I am sometimes surprised by the strokes of genius hidden inside Haskell's type system. For example: the Maybe type.

Maybe a is a parameterized type that can hold either the value Nothing, or a value Just a . Seems simple enough - it's an optional value.

But it goes deeper than that. Look at an object of type String in Java. This object's type is actually larger than String - it can either represent a string of characters or the special value null. Languages like Java, Ruby, and C# all make the mistake of allowing any type at all to hold null. This greatly diminishes the value of static typing, since any call of the form string.length() will sail happily past the compiler and then throw the dread NullPointerException at runtime if passed a null. The compiler will never see it coming, and your program could work for some time before you discover the problem.

But in Haskell, we must be explicit. By default, an object of type Integer can only hold an integral value - there is no null, and no possibility of a runtime null pointer exception.

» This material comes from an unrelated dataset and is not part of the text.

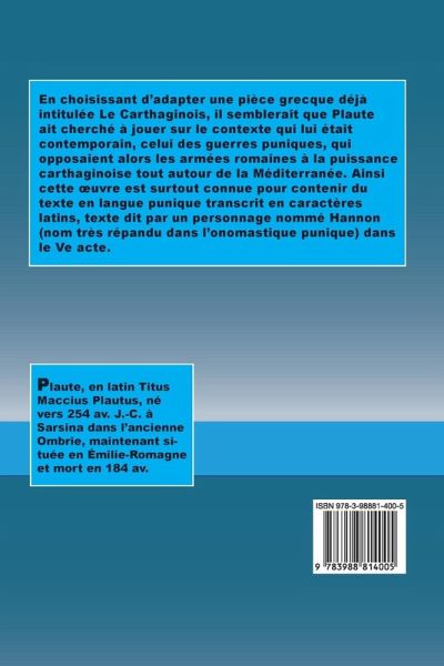 En choisissant d'adapter une pièce grecque déjà intitulée Le Carthaginois, il semblerait que Plaute ait cherché à jouer sur le contexte qui lui était contemporain, celui des guerres puniques, qui opposaient alors les armées romaines à la puissance carthaginoise tout autour de la Méditerranée. Ainsi cette ¿uvre est surtout connue pour contenir du texte en langue punique transcrit en caractères latins, texte dit par un personnage nommé Hannon (nom très répandu dans l'onomastique punique) dans le Ve acte.

The Haskell compiler will not even produce a program if you try to pass Nothing into a non-Maybe type. A datatype cannot be instantiated with null values unless you explicitly allow it to hold them.

This eliminates an enormous class of errors. Anyone who has maintained a large Java application instinctively shudders at the prospect of an NPE - the value could have become null at any point in the program and resolving it requires extensive tracing.

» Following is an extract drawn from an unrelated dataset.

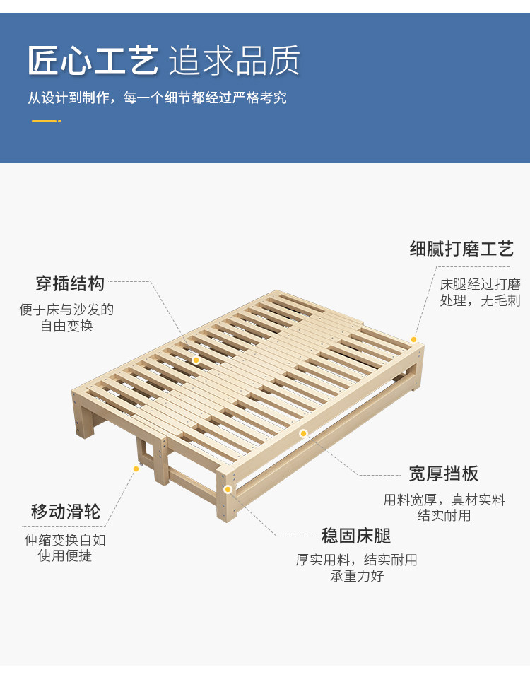 단단한 나무 소파 베드 다기능 접이식 다다미 푸시풀 텔레스코픽 침대 소형 아파트 앉아서 잠자는 이중 사용 풀풀 침대 접합

Further, in order to avoid the possibility of an NPE, you must litter your code with distracting and unnecessary conditionals like:

if( foo == null ) throw new IllegalArgumentException( ..

if( foo.bar() == null ) throw new IllegalArgumentException( ... );

before doing any real work. But what's worse is that you're turning a programming error into a runtime exception. The fact that your program compiles does not guarantee that you will have no NPE's and running it does not guarantee that you will hit every branch that might generate one.

In Haskell, it is simply impossible to write a program that is susceptible to NullPointerExceptions at runtime unless you explicitly make the type in question optional by wrapping with Maybe.